» Required action
Set down exact lines only, from the line with "Η Λέσχη Πλωμαρίου" through the last line of the material below, with every picture left out.
** Given information follows **
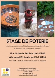Initiation au modelage, travail à la plaque, apprentissage des techniques de décoration avec de l'engobe et de l'émail.
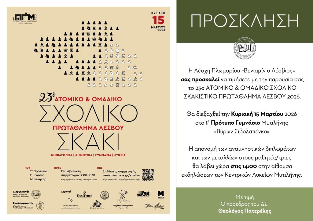 Η Λέσχη Πλωμαρίου “Βενιαμίν ο Λέσβιος” διοργανώνει το 23ο ατομικό και ομαδικό σχολικό σκακιστικό πρωτάθλημα Λέσβου 2026 με την οικονομική υποστήριξη του Δήμου Μυτιλήνης .
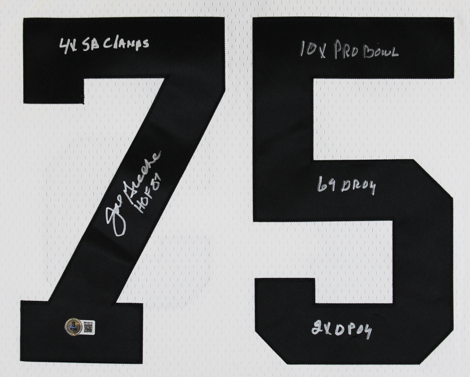 Steelers Joe Greene "Career Stat" Signed White M&N TB Jersey BAS Witnessed
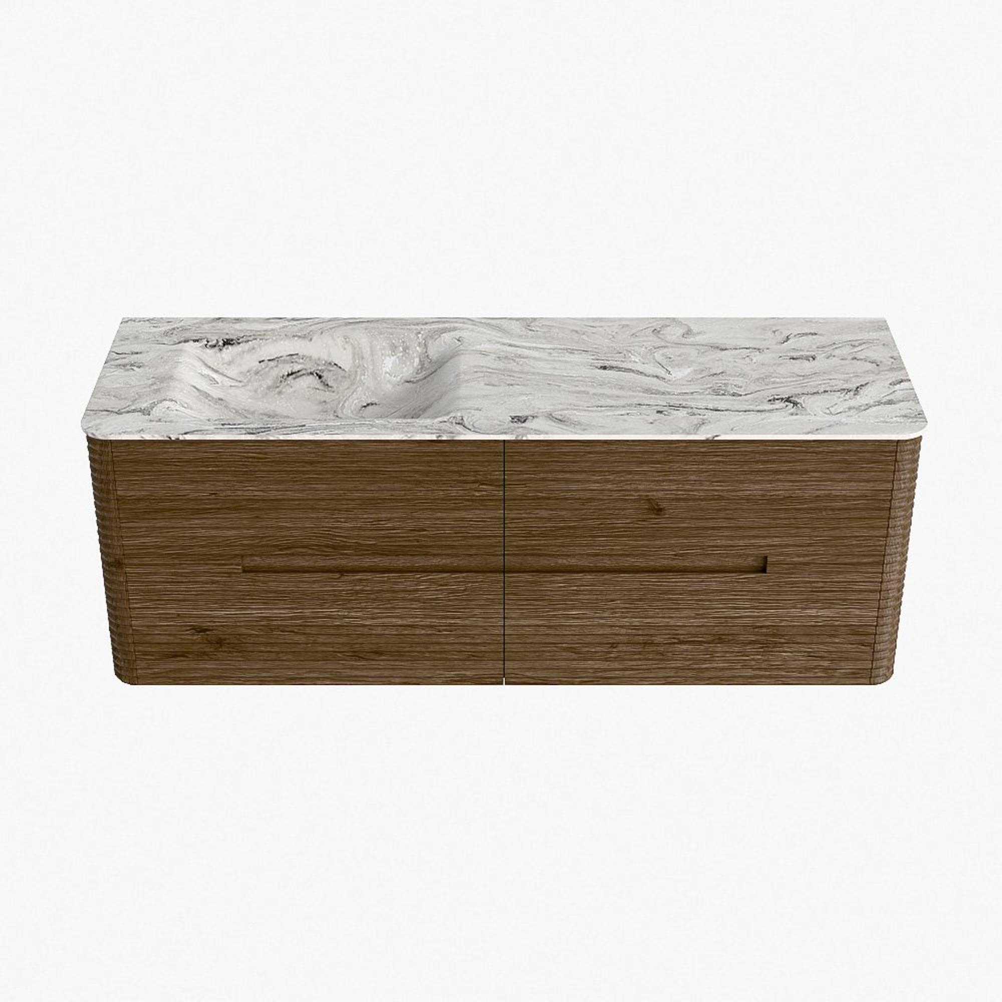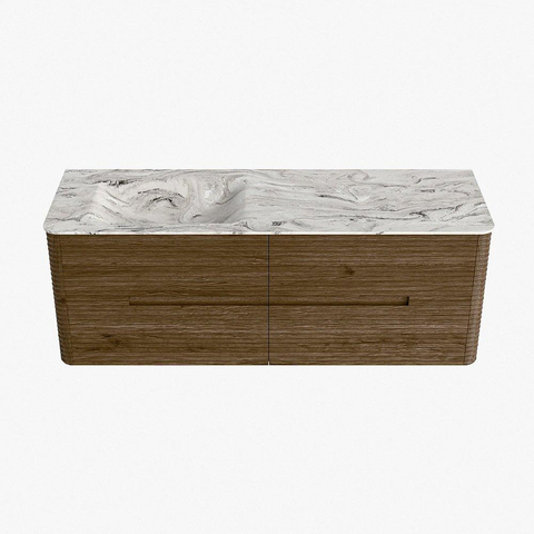 Mondiaz CIRO-DLUX Badkamermeubelset - 140x45x50cm - Solid surface wastafel Glace - 1 wasbak Links - 1 kraangat - 4 lades - Dusk
** End of Given information **
» Task output
 Η Λέσχη Πλωμαρίου “Βενιαμίν ο Λέσβιος” διοργανώνει το 23ο ατομικό και ομαδικό σχολικό σκακιστικό πρωτάθλημα Λέσβου 2026 με την οικονομική υποστήριξη του Δήμου Μυτιλήνης .
 Steelers Joe Greene "Career Stat" Signed White M&N TB Jersey BAS Witnessed
 Mondiaz CIRO-DLUX Badkamermeubelset - 140x45x50cm - Solid surface wastafel Glace - 1 wasbak Links - 1 kraangat - 4 lades - Dusk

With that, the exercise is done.